Assume the following tasks,

  • Store German Credit Risk-SGD in the project space

  • Deploy German Credit Risk-RF to the development space

  • Validate German Credit Risk-SVC and German Credit Risk-custom in the development enviroment

  • Operate German Credit Risk-GBC in the production enviroment

[ ]:
! pip install cpdflow

Import libraries

[ ]:
import json
import logging
import cpdflow
import pandas as pd
from IPython.display import display

logging.getLogger("cpdflow").setLevel(logging.INFO)

Model script

[ ]:
%%writefile german-credit-risk-sgd.py

import pandas as pd
from sklearn.compose import ColumnTransformer
from sklearn.linear_model import SGDClassifier
from sklearn.pipeline import Pipeline
from sklearn.preprocessing import OneHotEncoder, StandardScaler
from cpdflow.model.model import get_input_data_schema

df = pd.read_csv("https://raw.githubusercontent.com/randyphoa/cpdflow/main/examples/german_credit_data_biased_training.csv")
target = "Risk"
protected_attributes = ["Age"]
y = df[target]
X = df.drop([target] + protected_attributes, axis=1)
ct = ColumnTransformer([("ohe", OneHotEncoder(), X.select_dtypes(include=["object"]).columns.tolist())])
scaler = StandardScaler(with_mean=False)

model = Pipeline([("ct", ct), ("scaler", scaler), ("clf", SGDClassifier(loss="modified_huber"))]).fit(X, y)
input_data_schema = get_input_data_schema(X=X)
custom_metrics = {
    "average_precision": 0.9
}
[ ]:
%%writefile german-credit-risk-rf.py

import pandas as pd
from sklearn.compose import ColumnTransformer
from sklearn.ensemble import RandomForestClassifier
from sklearn.pipeline import Pipeline
from sklearn.preprocessing import OneHotEncoder
from cpdflow.model.model import get_input_data_schema

df = pd.read_csv("https://raw.githubusercontent.com/randyphoa/cpdflow/main/examples/german_credit_data_biased_training.csv")
target = "Risk"
protected_attributes = ["Age"]
y = df[target]
X = df.drop([target] + protected_attributes, axis=1)
ct = ColumnTransformer([("ohe", OneHotEncoder(), X.select_dtypes(include=["object"]).columns.tolist())])
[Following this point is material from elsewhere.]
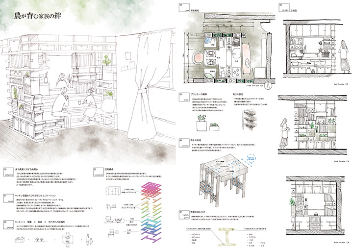 食や農業へ関心を持つことは家族にとって大変重要な事です。ご提案の“家族がキッチン空間に集い個々の時間を共有することで食と農業の大切さを体感する”…というコンセプトは「心豊かな食・住文化の創造」を掲げる弊社企業理念に高いレベルで合致しています。また暖かい手描き調タッチによるスケッチもCG画全盛の時代に大変新鮮で、高く評価しました。このようなことからクリナップ賞をお送りさせて頂きます。

model = Pipeline([("ct", ct), ("clf", RandomForestClassifier())]).fit(X, y)
input_data_schema = get_input_data_schema(X=X)
custom_metrics = {
    "average_precision": 0.9
}
[ ]:
%%writefile german-credit-risk-svc.py

import pandas as pd
from sklearn.compose import ColumnTransformer
from sklearn.svm import SVC
from sklearn.pipeline import Pipeline
from sklearn.preprocessing import OneHotEncoder, StandardScaler
from cpdflow.model.model import get_input_data_schema

df = pd.read_csv("https://raw.githubusercontent.com/randyphoa/cpdflow/main/examples/german_credit_data_biased_training.csv")
target = "Risk"
protected_attributes = ["Age"]
y = df[target]
X = df.drop([target] + protected_attributes, axis=1)
ct = ColumnTransformer([("ohe", OneHotEncoder(), X.select_dtypes(include=["object"]).columns.tolist())])
scaler = StandardScaler(with_mean=False)

model = Pipeline([("ct", ct), ("scaler", scaler), ("clf", SVC(probability=True))]).fit(X, y)
input_data_schema = get_input_data_schema(X=X)
custom_metrics = {
    "average_precision": 0.9
}
[ ]:
%%writefile german-credit-risk-gbc.py

import pandas as pd
from sklearn.compose import ColumnTransformer
from sklearn.ensemble import GradientBoostingClassifier
from sklearn.pipeline import Pipeline
from sklearn.preprocessing import OneHotEncoder
from cpdflow.model.model import get_input_data_schema

df = pd.read_csv("https://raw.githubusercontent.com/randyphoa/cpdflow/main/examples/german_credit_data_biased_training.csv")
target = "Risk"
protected_attributes = ["Age"]
y = df[target]
X = df.drop([target] + protected_attributes, axis=1)
ct = ColumnTransformer([("ohe", OneHotEncoder(), X.select_dtypes(include=["object"]).columns.tolist())])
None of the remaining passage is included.